Рядом разорвался снаряд, и они оба бросились на землю и уронили меня.

– Простите, tenente, – сказал Маньера. – Держитесь за мою шею.

– Вы меня опять уроните.

– Это с перепугу.

– Вы не ранены?

– Ранены оба, но легко.

– Гордини сможет вести машину?

– Едва ли.

Пока мы добрались до пункта, они уронили меня еще раз.

– Сволочи! – сказал я.

– Простите, tenente, – сказал Маньера. – Больше не будем.

В темноте у перевязочного пункта лежало на земле много раненых. Санитары входили и выходили с носилками. Когда они, проходя, приподнимали занавеску, мне виден был свет, горевший внутри. Мертвые были сложены в стороне. Врачи работали, до плеч засучив рукава, и были красны, как мясники.
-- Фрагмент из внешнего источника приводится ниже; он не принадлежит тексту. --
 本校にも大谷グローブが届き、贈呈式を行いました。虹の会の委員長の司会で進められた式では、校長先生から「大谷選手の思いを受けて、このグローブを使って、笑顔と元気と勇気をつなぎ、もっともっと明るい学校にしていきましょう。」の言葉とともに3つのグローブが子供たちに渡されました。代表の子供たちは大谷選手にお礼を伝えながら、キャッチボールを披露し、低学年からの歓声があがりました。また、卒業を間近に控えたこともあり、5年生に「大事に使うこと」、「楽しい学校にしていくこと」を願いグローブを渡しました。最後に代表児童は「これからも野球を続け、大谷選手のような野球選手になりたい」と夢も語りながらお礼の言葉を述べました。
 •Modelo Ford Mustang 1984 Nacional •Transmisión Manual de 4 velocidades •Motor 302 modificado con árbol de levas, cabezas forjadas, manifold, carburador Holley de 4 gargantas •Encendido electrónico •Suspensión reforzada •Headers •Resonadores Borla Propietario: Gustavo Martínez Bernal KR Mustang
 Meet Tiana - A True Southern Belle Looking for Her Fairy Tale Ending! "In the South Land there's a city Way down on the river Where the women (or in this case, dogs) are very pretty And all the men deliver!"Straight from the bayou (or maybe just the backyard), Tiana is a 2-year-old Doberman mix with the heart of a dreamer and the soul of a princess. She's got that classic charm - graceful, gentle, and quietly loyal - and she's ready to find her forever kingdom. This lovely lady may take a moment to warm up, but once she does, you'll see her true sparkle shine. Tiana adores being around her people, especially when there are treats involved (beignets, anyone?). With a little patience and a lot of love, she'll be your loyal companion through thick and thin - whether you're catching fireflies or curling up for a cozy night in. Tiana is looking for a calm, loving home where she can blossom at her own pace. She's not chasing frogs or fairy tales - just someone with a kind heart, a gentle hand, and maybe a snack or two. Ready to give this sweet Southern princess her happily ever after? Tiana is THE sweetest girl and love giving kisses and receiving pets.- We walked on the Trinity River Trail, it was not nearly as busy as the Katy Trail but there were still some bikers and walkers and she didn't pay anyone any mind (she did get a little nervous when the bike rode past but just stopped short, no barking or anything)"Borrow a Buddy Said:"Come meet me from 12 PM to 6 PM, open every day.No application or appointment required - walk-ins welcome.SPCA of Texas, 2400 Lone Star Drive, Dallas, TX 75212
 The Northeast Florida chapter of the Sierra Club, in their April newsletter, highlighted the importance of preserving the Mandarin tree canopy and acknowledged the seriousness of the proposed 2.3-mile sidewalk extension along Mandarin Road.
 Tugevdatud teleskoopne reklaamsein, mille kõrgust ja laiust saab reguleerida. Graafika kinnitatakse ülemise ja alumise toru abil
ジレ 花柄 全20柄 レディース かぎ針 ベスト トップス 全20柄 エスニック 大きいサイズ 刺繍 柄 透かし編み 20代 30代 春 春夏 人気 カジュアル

Носилок не хватало. Некоторые из раненых стонали, но большинство лежало тихо. Ветер шевелил листья в ветвях навеса над входом, и ночь становилась холодной. Все время подходили санитары, ставили носилки на землю, освобождали их и снова уходили. Как только мы добрались до пункта, Маньера привел фельдшера, и он наложил мне повязку на обе ноги.